Елена с криком проснулась – ее душили во сне, зажгла ночник – была половина четвертого утра. «Ничего не скажешь, подходящий час для пробуждения от ночных кошмаров, – подумала она. – Насмотришься ящика на ночь – и сам сыграешь в него».

И тут ее как подбросило. Она посмотрела направо: Николая не было! Она дрожащей рукой провела по простыне:она была холодной!

Она же только что слышала его дыхание. Ровное, глубокое, спокойное. Как десять, двадцать лет назад. Выскочила на кухню.

Муж сидел, скорчившись, на полу кухни.

– Ты чего? – спросила она и зажгла свет. – Почему не в коляске?

– Выключи свет, – жалобно попросил он. – Нога горит огнем. Больно даже от света.

 

От этого его непривычно жалостного голоса Елену обдало огнем.

– Как я презираю всё! – вдруг жестко сказал он.
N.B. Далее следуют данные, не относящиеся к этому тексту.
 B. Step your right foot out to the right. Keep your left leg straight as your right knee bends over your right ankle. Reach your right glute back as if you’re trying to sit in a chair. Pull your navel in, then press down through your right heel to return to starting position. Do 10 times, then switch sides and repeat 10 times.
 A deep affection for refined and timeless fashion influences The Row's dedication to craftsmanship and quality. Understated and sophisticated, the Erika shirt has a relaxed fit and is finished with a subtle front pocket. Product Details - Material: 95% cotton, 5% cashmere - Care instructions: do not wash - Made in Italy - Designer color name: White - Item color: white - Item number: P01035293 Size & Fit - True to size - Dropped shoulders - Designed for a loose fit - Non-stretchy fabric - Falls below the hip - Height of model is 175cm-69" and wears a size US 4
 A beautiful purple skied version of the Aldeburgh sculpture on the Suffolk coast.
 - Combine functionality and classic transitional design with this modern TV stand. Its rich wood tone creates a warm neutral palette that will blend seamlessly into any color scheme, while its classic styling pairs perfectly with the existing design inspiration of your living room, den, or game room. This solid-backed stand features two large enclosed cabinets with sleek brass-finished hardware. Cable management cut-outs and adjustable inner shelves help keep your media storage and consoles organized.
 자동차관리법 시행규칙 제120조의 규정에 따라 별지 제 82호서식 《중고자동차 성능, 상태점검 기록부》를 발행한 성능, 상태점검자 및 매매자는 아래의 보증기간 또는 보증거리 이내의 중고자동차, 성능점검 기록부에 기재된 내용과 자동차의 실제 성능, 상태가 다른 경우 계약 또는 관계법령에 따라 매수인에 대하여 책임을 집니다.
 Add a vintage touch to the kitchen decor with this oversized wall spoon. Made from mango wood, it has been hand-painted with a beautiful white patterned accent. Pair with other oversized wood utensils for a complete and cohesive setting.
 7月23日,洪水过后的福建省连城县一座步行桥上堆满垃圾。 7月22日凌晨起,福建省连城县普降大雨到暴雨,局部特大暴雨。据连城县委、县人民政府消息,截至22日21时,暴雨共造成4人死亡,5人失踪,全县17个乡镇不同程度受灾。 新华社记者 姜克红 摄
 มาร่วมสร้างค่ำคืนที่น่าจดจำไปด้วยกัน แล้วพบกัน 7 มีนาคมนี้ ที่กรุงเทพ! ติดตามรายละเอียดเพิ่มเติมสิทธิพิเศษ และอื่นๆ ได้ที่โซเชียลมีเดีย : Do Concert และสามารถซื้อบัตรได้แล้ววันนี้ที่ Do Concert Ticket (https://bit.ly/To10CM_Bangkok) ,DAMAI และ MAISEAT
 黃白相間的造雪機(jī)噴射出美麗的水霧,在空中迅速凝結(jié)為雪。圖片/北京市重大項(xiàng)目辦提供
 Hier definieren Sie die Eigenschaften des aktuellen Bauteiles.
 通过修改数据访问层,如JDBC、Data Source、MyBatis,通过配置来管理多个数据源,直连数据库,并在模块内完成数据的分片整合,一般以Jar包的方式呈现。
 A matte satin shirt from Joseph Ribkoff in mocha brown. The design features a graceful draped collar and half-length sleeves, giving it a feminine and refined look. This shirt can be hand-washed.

После смерти Николая Елена часто слышала рядом с собой его дыхание. Она, затаив собственное, слушала, как он дышит: ровно, глубоко, спокойно…Слушала, слушала, пока незаметно не уходила на десять, двадцать лет назад и не засыпала.

XLVI

Физкультурник Гордеев по радио бодро призвал всю страну проделать водные процедуры, а затем энергично растереть тело сухим полотенцем. «Мне уже и это не поможет», – подумал Суворов. Уже года два Георгий Николаевич стал замечать за собой, что у него слабеет память. Когда посреди лекции он вдруг забыл фамилию известного мостостроителя и потом вспомнил ее только на пороге дома, забеспокоился всерьез. Особенно доставали экзамены. Легче было пять лекций прочитать, глядя в окно или внутрь себя, чем принять один экзамен. С экзаменов Георгий Николаевич приходил всегда раздраженный и уставший. И он не сразу понял, что раздражает его больше всего в студентах их молодость и мелкота. Он даже придумал метафору своему состоянию. «Ведь я, Лёля, как бочка, переполнен знаниями, которые хочу отдать студентам. Зачем они дальше мне? А времени мало, нет уже его. Подставляйте, говорю я им, студентам, свои емкости, которые есть у вас, ну же! Подставляют, а чего подставлять? Одни плошки да блюдца для котят. Лей не лей, все знания уйдут в песок».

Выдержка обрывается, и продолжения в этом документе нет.